First idea for solution:
* Compute the distance between every pair of points.
* Find the minimum.

Drawback is that the time is O(n^2), since there are n(n-1)/2 pairs of
points.

Let's try divide and conquer.

First, we do some preprocessing (only once).

1. xsort := result of using mergesort to sort the list of points in
   increasing order of x-coordinates
2. ysort := result of using mergesort to sort the list of points in
   increasing order of y-coordinates

Then comes the recursive (divide-and-conquer) part of the algorithm.

1. Divide the points into two halves (assume n is a power of 2)
   based on x-coordinates.  Let L be the vertical line that splits the
   points.
2. Recursively compute the pair of nodes to the left of L that have
   the minimum distance, d_L, between them.
   Recursively compute the pair of nodes to the right of L that have
   the minimum distance, d_R, between them.
3. Combining step:  Let d = min(d_L,d_R).  Have to check whether any
   pair of points, one from the left of L and one from the right of L,
   are at distance less than d.

   If there is such a pair of points, then one must be within
   distance d of L on the left and the other must be within
   distance d of L on the right.

   Use xsort to extract just the points that are within distance d of L
   (on either side).  So now we are considering all the points in 
   vertical strip of width 2d centered on L.

   Use ysort to consider the points in the strip in increasing order
   of y coordinate (i.e., start at the bottom and work up).

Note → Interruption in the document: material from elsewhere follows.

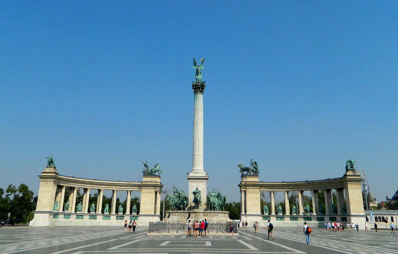 At the top of the avenue the spectacular Heroes Square of 1896 marks the 10000th anniversary of the Magyar’s conquest of Carpathia. The almost storybook figures of the ferocious-looking and hooded heroes on horseback are a reminder of the romance of Hungarian folk culture.
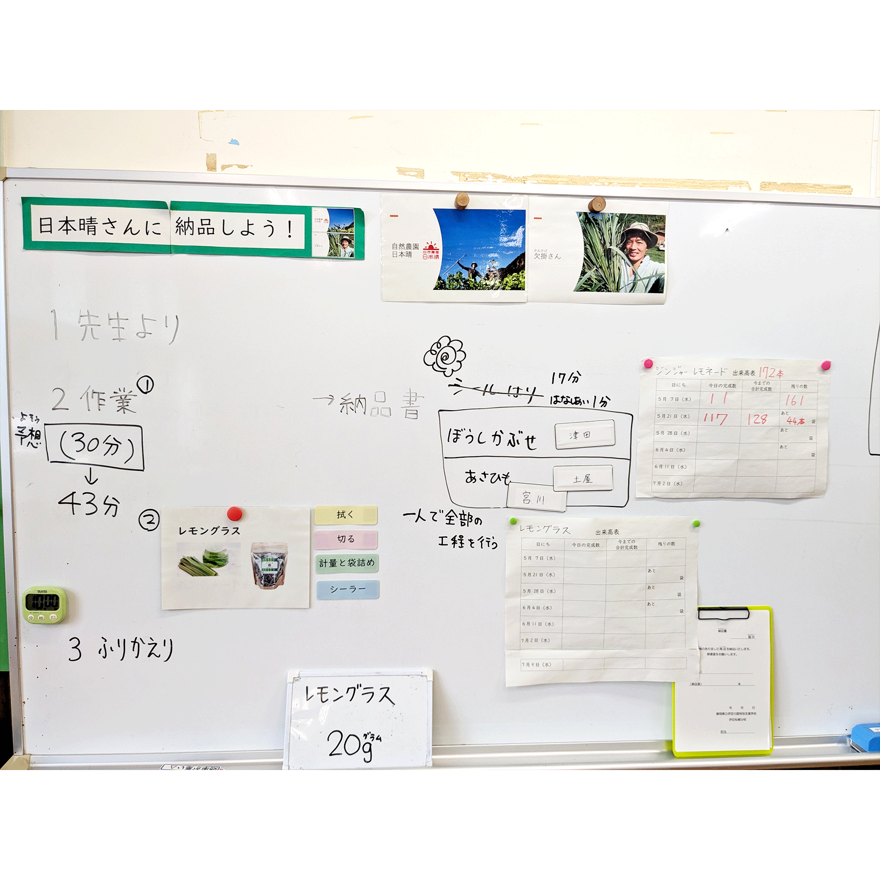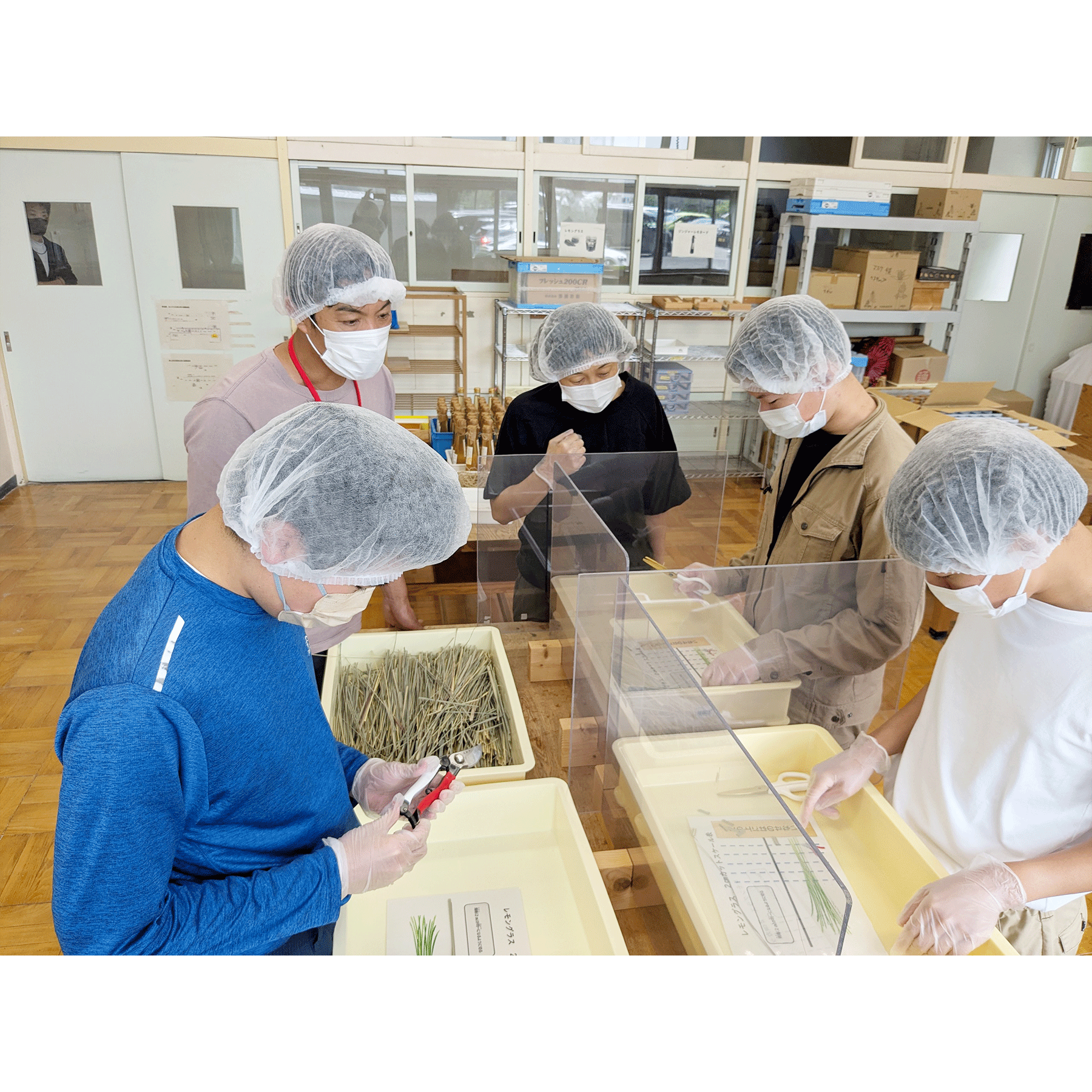 伊豆松崎分校学校の先生が、実習としてもっと社会性のある作業がないかと探されていると聞き、うちのレモングラスの加工のお話をしたところ、レモングラスには様々な作業があってぴったりだということで選んでくださいました。

   For each point p = (x,y), consider all the points p' in the strip on the 
   other side of L whose y-coordinate is in the range y to y+d.
   Compute the distance between p and p' and see if it is less than d,
   and if so, keep track of it.

Running time of this algorithm:
* Preprocessing is O(n log n)
* Let f(n) be the running time of the rest of the algorithm.
  f(n) = 2*f(n/2) + g(n).
* What is g(n)?
  - dividing the points into two halves based on line L takes O(n) time
  - computing d is O(1)
  - extracting points in the strip is O(n)
  - number of points in the strip to be considered in increasing
    order of y-coordinate is at most n
  - given a point p in the strip, for each other point p', the comparison
    is O(1) time.
  - *** how many points p' must p be compared against? ***
    Suppose p is on left.  Since all the points on the right side of L
    are at least d apart from each other, in each quadrant of the
    d x d square on the right side being considered, there is at most
    one point.  Thus p will only need to be compared against at most 4
    other points (a constant number).
  So g(n) is O(n).

By case 2 of the master theorem (a = 2, b = 2, d = 1), we find
that f(n) is O(n log n).  Since the preprocessing also takes O(n log n)
time, the total time is O(n log n), which is significantly better than
the O(n^2) time of the naive approach.